Ainsi, peu de reflexions venaient perturber l'activité de la jeune femme automate, embourbée dans ses compulsives activités, et cette absence de pensées génératrices d'angoisse lui permettait de se constituer un relatif havre de paix, ici, dans le claquement des aiguilles et la luminosité sereine du paysage désertique. Si bien que lorsque la petite voix étrangère, sirupeuse et grave de sa pensée, venait tenter une intrusion en force dans cette imperméable volonté de silence intérieur, Céleste s'empressait de la repousser, craignait que celle-ci ne la pousse à commettre quelque acte impulsif et regrettable comme elle en avait la désastreuse habitude…
Un souffle, frais et furtif, contre la chair humide de sa nuque courbée. Un long frisson parcourut les membres minces de la jeune femme qui stoppa brusquement tout mouvement, aiguilles en l'air, yeux en agitation fiévreuse tout autour d'elle, comme indépendants du corps plus immobile que les colonnes de marbre qui l'encadraient.

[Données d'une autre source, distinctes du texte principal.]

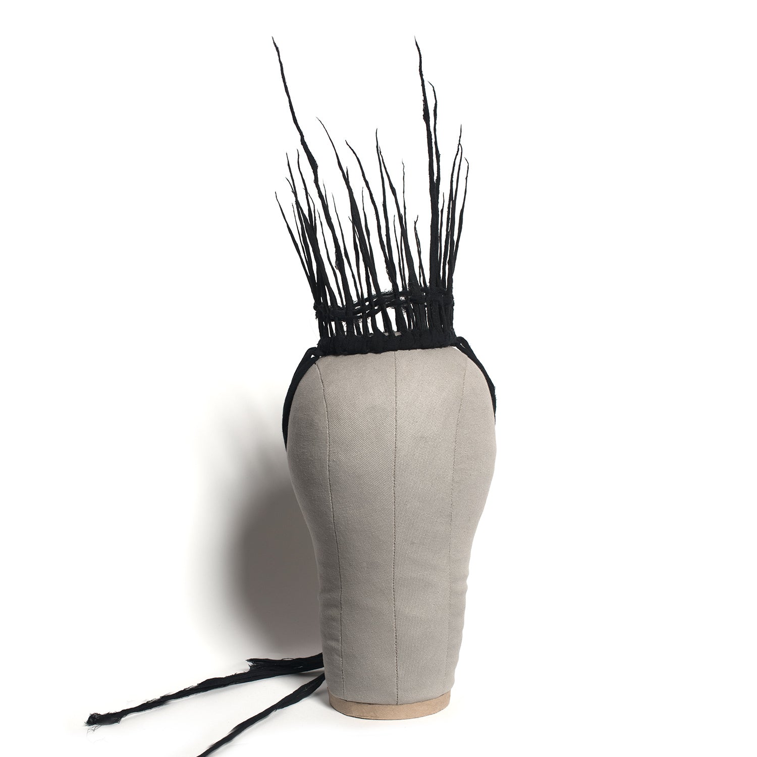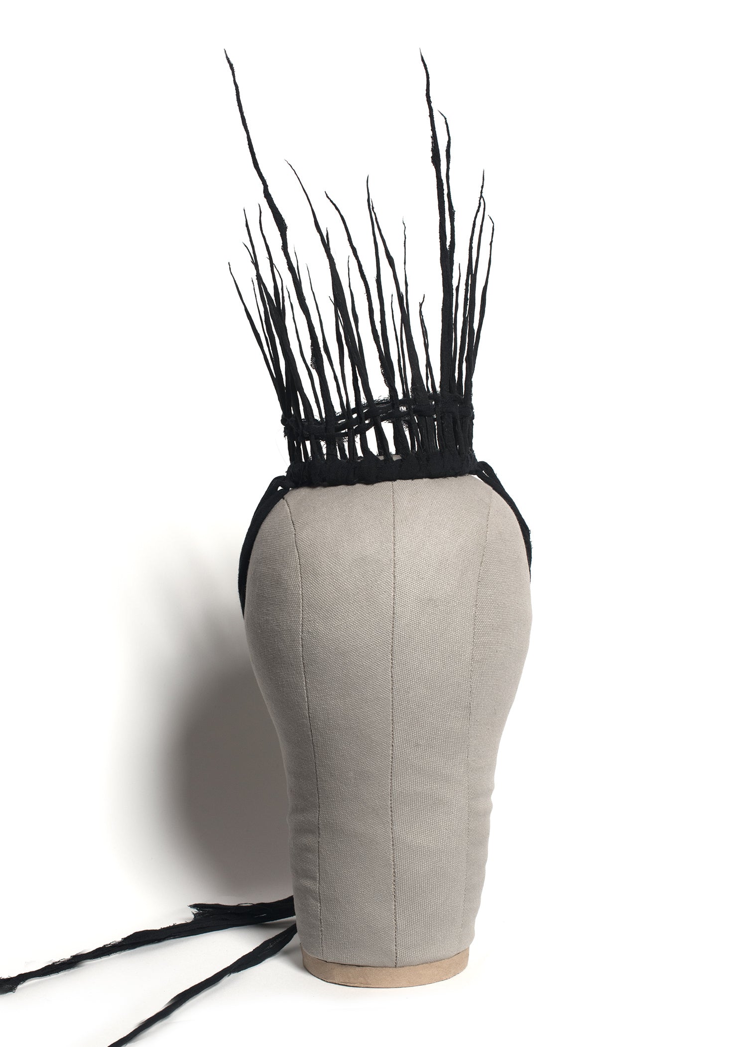 Light as a feather, this spectral, witchy, wraith-like mini crown is perfect for Gothic royalty. Entirely made out of stiffened gauze fabric. Ties in back with long gauze fringe ties.

Un compliment ? Drôle de tactique, la petite voix de sa conscience emploierait-elle des moyens plus vicieux encore que Céleste elle-même pour parvenir à ses fins ? Et quelles fins ? L'autre jour encore, corrompue par quelque élan de fureur que lui avait soufflé son invisible compagne, elle n'avait pas hésité à fondre tête la première dans un interné qui, par son inertie silencieuse, se refusait à ses désirs d'approche. Ne pouvait-elle donc cesser d'être interrompue dans sa toute relative, mais néanmoins spectaculaire pour une si tourmentée jeune femme, sérenité ? Et sous le poids de quelle idée nouvelle et infiniment menaçante allait-elle encore devoir plier, puis se rompre, scindant sa volonté malgré elle ?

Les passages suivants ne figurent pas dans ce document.